Many programs do not need to do any special cleanup on exit and use the default SIGTERM behavior, which is to let the OS stop the process.
If a program does need special behavior, it can install a signal handler, and it can then run a function to handle the signal.
Now the SIGKILL signal, which is number 9, is evil, but also necessary. This signal never gets to the process itself, the OS simple stops the process. This should only be used when really, really necessary. It often becomes necessary in multithreaded programs that get into deadlocks or programs that have installed a TERM signal handler, but screwed up during their exit process.
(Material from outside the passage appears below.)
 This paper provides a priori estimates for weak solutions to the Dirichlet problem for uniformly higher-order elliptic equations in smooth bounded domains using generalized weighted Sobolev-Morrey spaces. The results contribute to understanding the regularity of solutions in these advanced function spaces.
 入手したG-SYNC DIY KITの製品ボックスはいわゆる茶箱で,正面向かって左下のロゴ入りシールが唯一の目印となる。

kill is a polite request for the program to end. It cleans up its memory, closes its handles and other such niceities. It sends a SIGTERM
kill -9 tells the operating system to grab the process by the balls and throw it the hell out of the bar. Obivously it is not concerned with niceities - although it does reclaim all the memory, as it's the Operating System's responsability to keep track of that. But because it's a forceful shutdown you may have problems when trying to run the program again (not cleaning up .pid files for example)
See also [wikipedia](http://en.wikipedia.org/wiki/Kill_(Unix)
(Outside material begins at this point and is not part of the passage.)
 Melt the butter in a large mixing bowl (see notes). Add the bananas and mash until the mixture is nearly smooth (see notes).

Each process runs in its own protected address space, and when the process ends (whether it exits voluntarily or is killed by an external signal) that address space is fully reclaimed. So yes, all if its memory is released properly.
Depending on the process, it may or may not cause other problems next time you try to run it. For example, it may have some files open and leave them in an inconsistent state if it's killed unexpectedly. (The files will be closed automatically, but it could be in the middle of writing some application data, for example, and the files may contain incomplete/inconsistent data if interrupted.)
Typically when the system is shutting down, all processes will be sent signal 15 (SIGTERM), at which they can perform whatever cleanup/shutdown actions they need to do. Then a short time later, they'll get signal 9 (SIGKILL), which immediately kills them, without giving them any chance to react in any way. This gives all processes a chance to clean up for themselves, and then forcefully kills any processes that aren't responding promptly.
kill -9
is the last resort, not kill.
Yes memory is reclaimed (this is the OS's responsibility)
The programs can respond to the signal however they want, it's up to the particular program to do "the right thing"
kill by default will send a terminate signal which will allow the process to exit gracefully. If the process does not seem to exit in a timely fashion, some scripts will then fall back on kill -9 which forces an exit, 'ready or not'.
In all cases OS managed things such as dynamic memory will be returned, files closed etc. But application level things may not be tidied up on a -9 kill.
kill merely sends a signal to the process. The process can trap signals (except for signal 9) and run code to perform shutdown. An app's shutdown is supposed to be brief, but it may not be instantaneous.
In any case, once the process exits, the operating system will reclaim dynamically allocated memory, close open file descriptors, and other resources.
There could be some resources that survive, for example if the app held shared memory or sockets that are also held by other (still living) processes.